Dasarathan was shot dead at the doorstep of his house, as he stepped out for a pee, on the night of February 11th. The "bullets" were 4" kambi (iron rod) pieces cut and sharpened.
I have met him a few times; "Hello", "Nalla irrukengela?"... the last time in the Gas queue at Karumandurai, the Saturday before his death.
His father had come up to the hills, many years ago; Dasarathan was "born and brought up" here; and father and son farmed 40 acres of land now, intensively, with many wells and much water usage.
One explanation of his death was that the neighbours' wells were drying up as he drew more and more water. Another is sheer envy that "they" had so much land, all of which used to belong to "us".

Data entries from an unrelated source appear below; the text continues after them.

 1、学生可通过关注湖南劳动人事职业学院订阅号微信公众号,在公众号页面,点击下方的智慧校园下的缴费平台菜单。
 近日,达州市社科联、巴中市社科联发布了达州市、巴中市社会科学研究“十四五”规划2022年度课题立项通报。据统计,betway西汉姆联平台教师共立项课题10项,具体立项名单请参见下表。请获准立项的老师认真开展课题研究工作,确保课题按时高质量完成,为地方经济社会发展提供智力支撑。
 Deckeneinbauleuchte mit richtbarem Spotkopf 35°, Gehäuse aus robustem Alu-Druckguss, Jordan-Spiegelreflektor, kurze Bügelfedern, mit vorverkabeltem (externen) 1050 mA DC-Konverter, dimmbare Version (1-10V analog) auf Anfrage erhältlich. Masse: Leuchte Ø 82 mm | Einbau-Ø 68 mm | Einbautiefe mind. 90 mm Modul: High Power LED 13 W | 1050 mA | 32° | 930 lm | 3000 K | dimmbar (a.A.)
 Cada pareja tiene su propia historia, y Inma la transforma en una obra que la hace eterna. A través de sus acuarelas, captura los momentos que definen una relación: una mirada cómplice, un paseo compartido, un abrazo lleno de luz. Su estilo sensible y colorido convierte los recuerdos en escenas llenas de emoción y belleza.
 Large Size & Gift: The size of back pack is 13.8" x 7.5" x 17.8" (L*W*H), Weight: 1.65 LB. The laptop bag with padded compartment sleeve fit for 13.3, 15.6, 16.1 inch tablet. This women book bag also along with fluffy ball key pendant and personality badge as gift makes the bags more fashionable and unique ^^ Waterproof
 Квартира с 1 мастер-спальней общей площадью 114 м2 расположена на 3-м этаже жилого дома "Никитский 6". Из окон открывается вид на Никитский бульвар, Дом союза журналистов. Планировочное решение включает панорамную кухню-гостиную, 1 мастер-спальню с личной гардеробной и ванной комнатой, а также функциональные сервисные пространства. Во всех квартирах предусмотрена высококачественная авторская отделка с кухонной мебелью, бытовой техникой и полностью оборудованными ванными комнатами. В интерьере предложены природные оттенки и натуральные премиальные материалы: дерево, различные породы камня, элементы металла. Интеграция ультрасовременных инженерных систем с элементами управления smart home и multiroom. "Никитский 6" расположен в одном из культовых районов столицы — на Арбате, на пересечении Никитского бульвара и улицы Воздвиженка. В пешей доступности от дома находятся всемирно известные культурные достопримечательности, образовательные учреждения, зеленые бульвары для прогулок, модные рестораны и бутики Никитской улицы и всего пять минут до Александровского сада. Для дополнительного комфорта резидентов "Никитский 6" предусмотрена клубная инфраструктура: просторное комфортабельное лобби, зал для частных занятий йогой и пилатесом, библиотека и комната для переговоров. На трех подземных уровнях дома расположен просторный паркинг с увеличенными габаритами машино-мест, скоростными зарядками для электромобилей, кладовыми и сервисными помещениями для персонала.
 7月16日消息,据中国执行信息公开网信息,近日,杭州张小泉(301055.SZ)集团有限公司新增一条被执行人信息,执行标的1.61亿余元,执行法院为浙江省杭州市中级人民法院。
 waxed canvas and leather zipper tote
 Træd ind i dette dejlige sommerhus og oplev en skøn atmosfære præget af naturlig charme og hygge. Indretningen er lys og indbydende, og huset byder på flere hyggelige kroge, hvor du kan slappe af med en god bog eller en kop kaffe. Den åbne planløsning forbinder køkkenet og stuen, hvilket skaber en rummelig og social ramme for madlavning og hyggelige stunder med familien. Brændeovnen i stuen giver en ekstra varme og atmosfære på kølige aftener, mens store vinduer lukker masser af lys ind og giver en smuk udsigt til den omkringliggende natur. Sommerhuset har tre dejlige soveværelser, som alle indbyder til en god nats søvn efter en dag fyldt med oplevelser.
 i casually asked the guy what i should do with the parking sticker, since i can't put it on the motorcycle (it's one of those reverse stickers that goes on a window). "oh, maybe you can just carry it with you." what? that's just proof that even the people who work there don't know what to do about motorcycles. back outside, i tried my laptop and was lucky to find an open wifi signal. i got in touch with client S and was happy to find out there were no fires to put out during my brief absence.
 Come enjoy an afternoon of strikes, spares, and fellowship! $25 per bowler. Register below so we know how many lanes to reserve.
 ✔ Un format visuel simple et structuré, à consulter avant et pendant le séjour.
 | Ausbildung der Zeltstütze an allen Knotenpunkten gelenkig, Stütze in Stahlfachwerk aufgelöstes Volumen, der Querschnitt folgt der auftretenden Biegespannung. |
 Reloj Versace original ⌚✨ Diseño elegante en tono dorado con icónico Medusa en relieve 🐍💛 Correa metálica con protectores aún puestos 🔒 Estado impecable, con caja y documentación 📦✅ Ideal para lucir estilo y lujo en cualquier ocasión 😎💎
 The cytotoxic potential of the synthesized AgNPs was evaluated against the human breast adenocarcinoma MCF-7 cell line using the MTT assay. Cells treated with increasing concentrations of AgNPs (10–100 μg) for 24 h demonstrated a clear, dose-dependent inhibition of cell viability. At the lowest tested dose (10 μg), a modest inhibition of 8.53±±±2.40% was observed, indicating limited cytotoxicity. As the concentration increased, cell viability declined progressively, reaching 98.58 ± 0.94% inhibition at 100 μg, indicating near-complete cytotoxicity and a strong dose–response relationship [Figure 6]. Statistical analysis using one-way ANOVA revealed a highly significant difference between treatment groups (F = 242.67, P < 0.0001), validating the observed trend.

There are also murmurings of misbehaviour with local women. but whoever suggests this also adds a codicil to the effect that if you want to attack someone, then this is the best peg to hang your grievances on.
Half a dozen villagers were rounded up by the police, beaten up, and the "culprits" identified and locked up.
The situation is now ripe for politicians of all hues to jump into the fray and create a Tribal vs Non-Tribal 'situation'.
And all this has happened because victim and murderer have different labels. Had they both had the same label, the case would not have been so 'situation'-worthy.
Perhaps this is more often the case than we realise. Policeman vs Naxalite. Innocent Civilian vs Encounter Specialist. The very labels we use betray our sympathies. Perhaps it is time to realise that in every case it is a human being who kills and another human being who dies. And this inhumanity : where does it come from?
Ponder what Primo Levi writes in his book "The Drowned and the Saved" about the guards at Auschwitz:
" They were made of the same cloth as us; they were average human beings and save for exceptions, they were not monsters. They had our faces but they had been reared badly--many (of them) indifferent, fearful of punishment, desirous of a good career or too obedient. All of them had been subject to a terrifying miseducation provided and imposed by school and youth groups."